Source material.

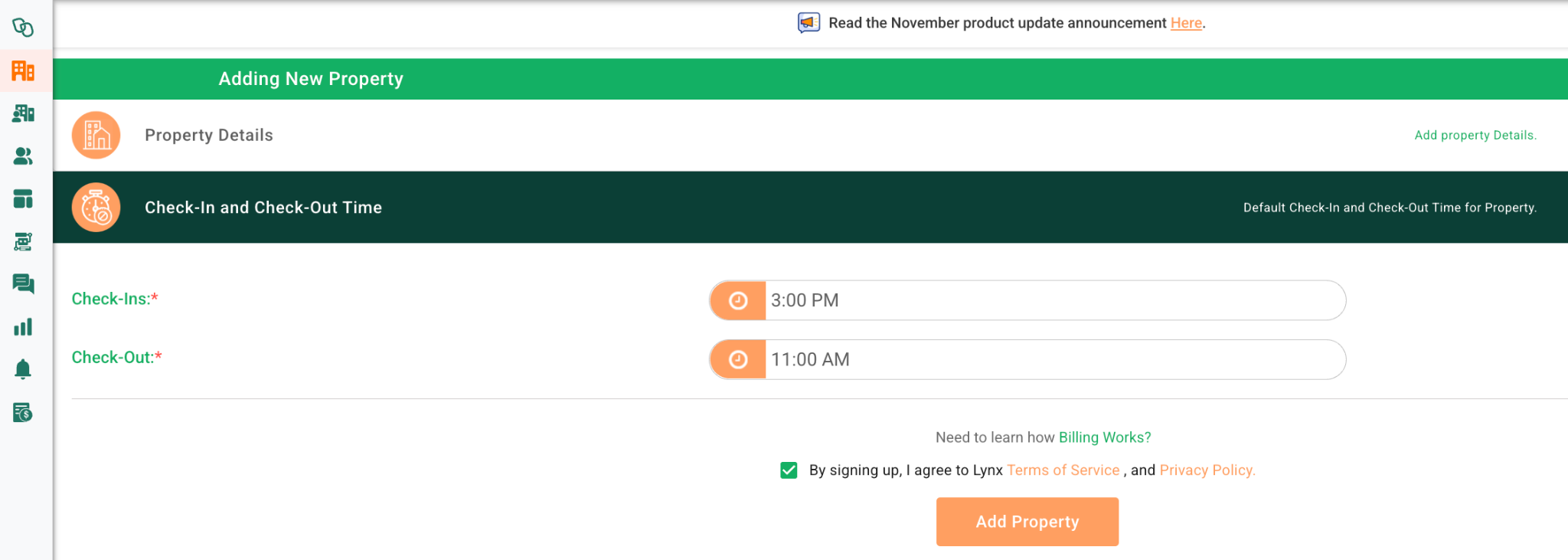 Confirm check-in /out and click on “Add Property”.
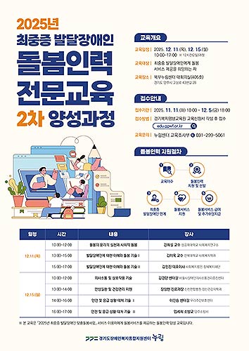 ‘최중증 발달장애인 전문돌봄인력 키운다’ 누림센터, 12월 2차 양성과정 운영
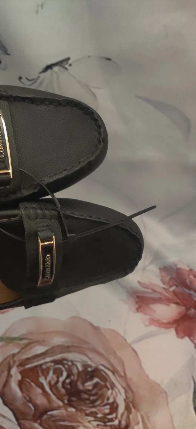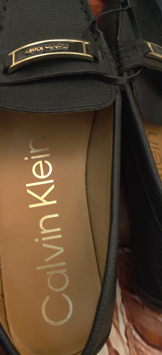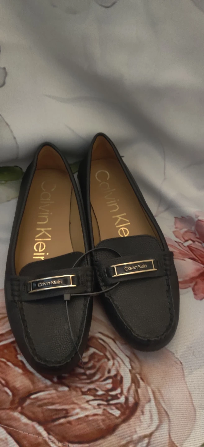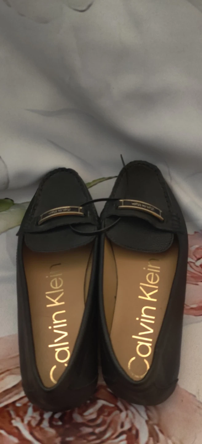 These are black Calvin Klein loafers. They appear to be made of faux leather. Easy to slip on for everyday wear!Worn once. Please look at the pics. Will reserve for only 7 days.
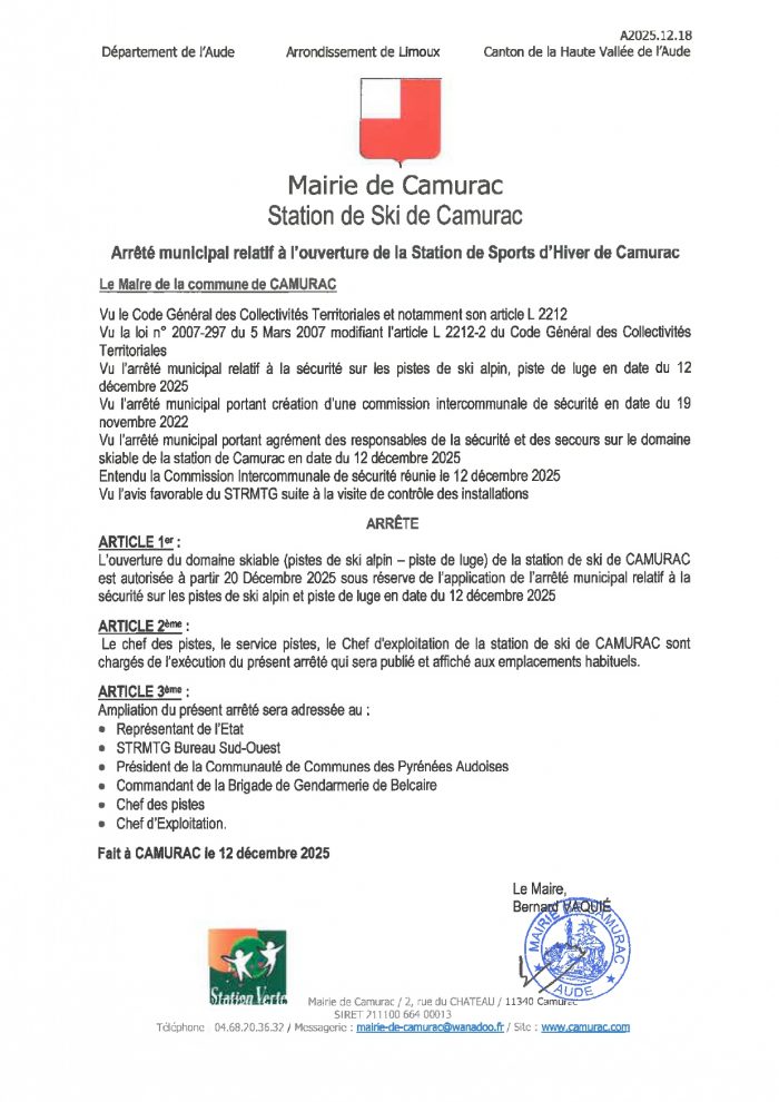 A251218 Arrêté relatif à l’ouverture de la station de ski

Prompt. Find the line containing "12월 2차 양성과정 운영", then extract it and every line after it to the end of the data above, exactly and nothing else, without pictures.

Exercise output.
 ‘최중증 발달장애인 전문돌봄인력 키운다’ 누림센터, 12월 2차 양성과정 운영
 These are black Calvin Klein loafers. They appear to be made of faux leather. Easy to slip on for everyday wear!Worn once. Please look at the pics. Will reserve for only 7 days.
 A251218 Arrêté relatif à l’ouverture de la station de ski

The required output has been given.